Aparecida do Rio Doce is a municipality in southwest Goiás state, Brazil.

==Geography==
The municipality of Aparecida do Rio Doce belongs to the Sudoeste de Goiás Microregion and is 208 km. from the state capital, Goiânia. Connections are made by BR-060 / Guapó / Indiara / Rio Verde / GO-174/ GO-422 / BR-364. The town lies at the junction of BR364 and GO174.
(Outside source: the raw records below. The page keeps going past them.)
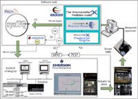 As an example, consider integration of control hardware and software in the continuous feeder and blender system, as shown in Figure 2. A PAT system is used to read the near infrared (NIR) spectral data at the blender outlet and communicate it to the multivariable analysis (MVA) model performing principle-component analysis and partial least-squares (PCA/PLS) to provide the API concentration and relative standard deviation (RSD) value. These critical quality attributes (CQAs) are used as inputs to the MPC in the process-control system. The MPC uses the two CQA inputs to drive the feed ratio and the blender speed. The MPC output (feed ratio) gives the feeders' flowrate setpoints, which are then tracked by slave PID controllers. The implemented control scheme utilises a PAT data-management system (synTQ, Optimal) to integrate a digital automation system (DeltaV, Emerson Process Management) with an NIR analyser and MVA model.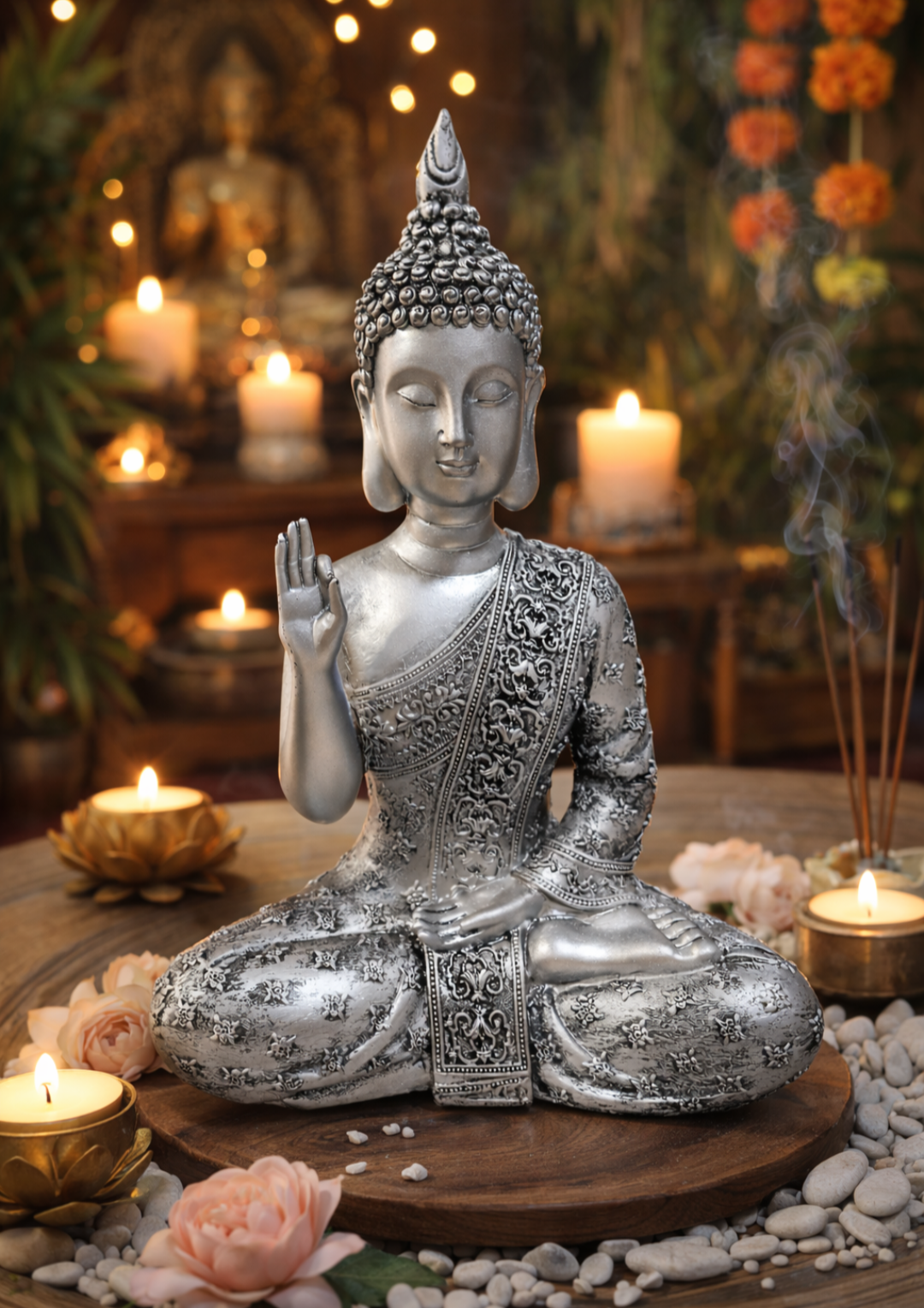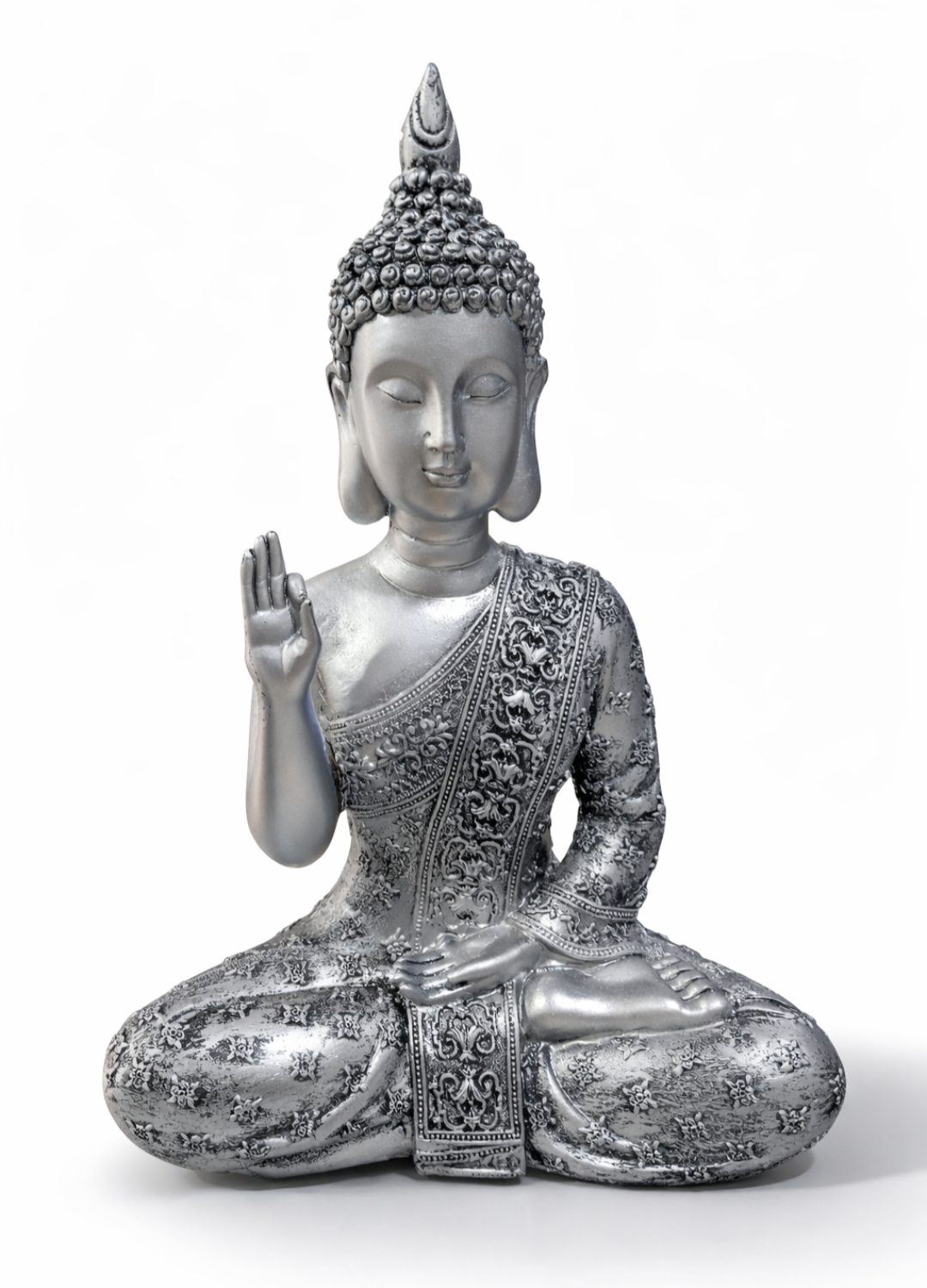 Buda plateado 27cm altura poliresina cantidad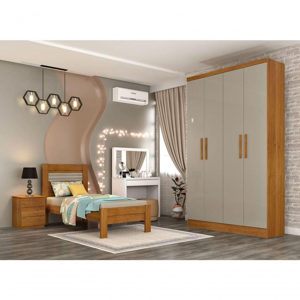 Guarda Roupa Solteiro 4 Portas 2 Gavetas - Amsterdam-cinamomo-off White - Tcil Móveis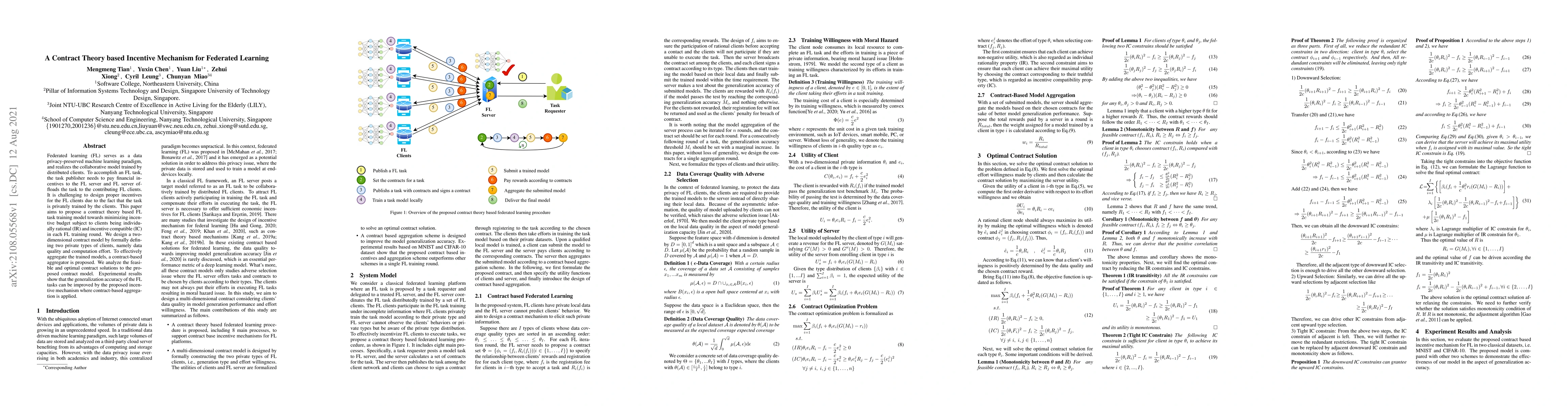 This paper proposes a contract theory-based incentive mechanism for federated learning to minimize incentive costs while ensuring client participation is individually rational and incentive compatible. The model defines two client types based on data quality and computation effort, and introduces a contract-based aggregator to improve model training accuracy and generalization.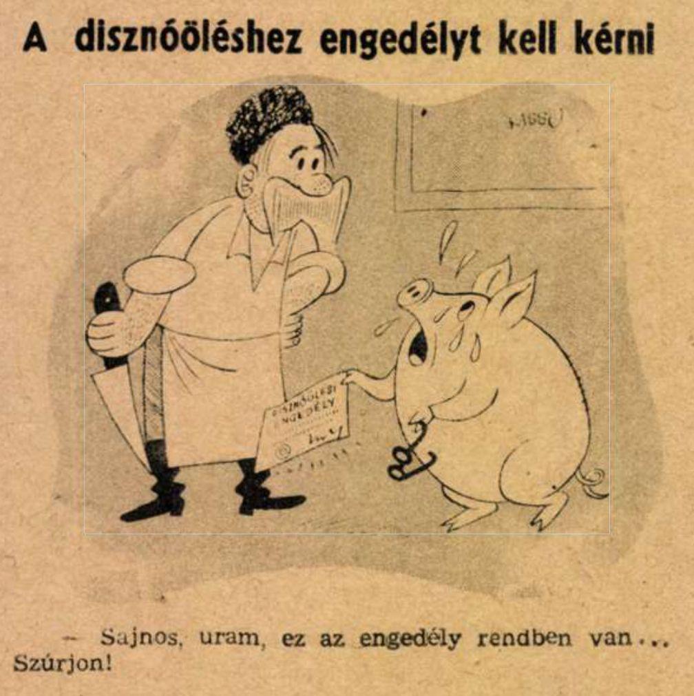 A disznóölési engedély bevezetésére reflektáló karikatúra a Ludas Matyi 1948. január 21-i számából. (Forrás: https://adtplus.arcanum.hu)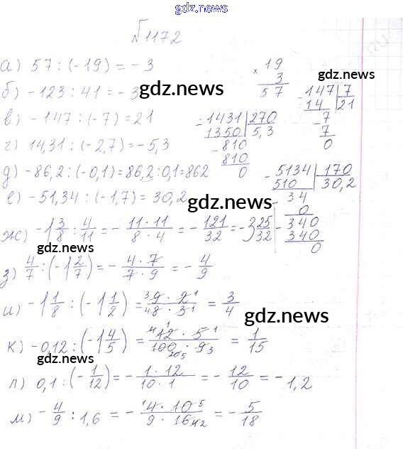 Как эффективно готовиться к домашним заданиям по Математике за 6 класс: лучшие стратегии и советы на gdz.news. Здесь подготовлен Учебник Виленкин, Жохов, Чесноков, Шварцбурд - §7. Умножение и деление положительных и отрицательных чисел 1172 и готовые ответы к ним. Сверяй домашку и получай отличные оценки!

Belonging to the Paraná River basin, the river system is varied, with the most important rivers being the Rio Claro and its tributary, the Rio Doce. Along these rivers there are several small waterfalls, the most important being Salto do Rio Claro. The two rivers are used for recreational fishing and swimming by locals and tourists. Municipal boundaries are with Jataí, Rio Verde, and Caçu.

==Demographics==
- Population density: 4.49 inhabitants/km^{2} (2007)
- Population in 1980: n/a
- Population in 2007: 2,702
- Urban population: 2,088 (2007)
- Rural population: 614. (2007)
- Population growth rate: 1.80% 1996/2007

==The economy==
The main economic activity is cattle raising for meat (59,000 head in 2006). Farming is secondary and is mainly subsistence, with farmers growing rice, corn, and soybeans. Another economic activity is production of poultry and pigs, due to the proximity of the important Perdigão Foods factory in Rio Verde, one of the largest agroindustrial complexes in the world.
- Industrial units: 4
- Retail units: 52
- Dairies: AGROLUCAS Laticínios Ltda. (22/05/2006)
- GDP in 2005 (R$1,000.00): 25,312
- GDP per capita in 2005 (R$1.00): 9,282

Motor vehicles:
- Automobiles: 213
- Pickup trucks: 26
- Number of inhabitants per motor vehicle: 11

Main agricultural products in ha.(2006)
- rice: 300
- corn: 300
- soybeans: 600

Farm Data (2006)in ha.
- Number of farms: 146
- Total area: 63,807
- Area of permanent crops: 286
- Area of perennial crops: 968
- Area of natural pasture: 48,244
- Persons working in agriculture: 516 IBGE

==Health and education==
- Infant mortality rate: 1990–39.53; 2000–17.77
(IBGE 2002)
- Literacy rate: 1991–67.5%; 2000–84.2%
(IBGE 2004)
- MHDI: 0.754
- State ranking: 68 (out of 242 municipalities)
- National ranking: 1753 (out of 5507 municipalities)

==History==
The history of Aparecida do Rio Doce as a municipality is recent as it was elevated to city status in 1993. The name derives from the patron saint of Brazil, Our Lady Aparecida, and the most important river of the region, the Rio Doce, which limits the urban area on the south and flows north to south to eventually join the Rio Claro.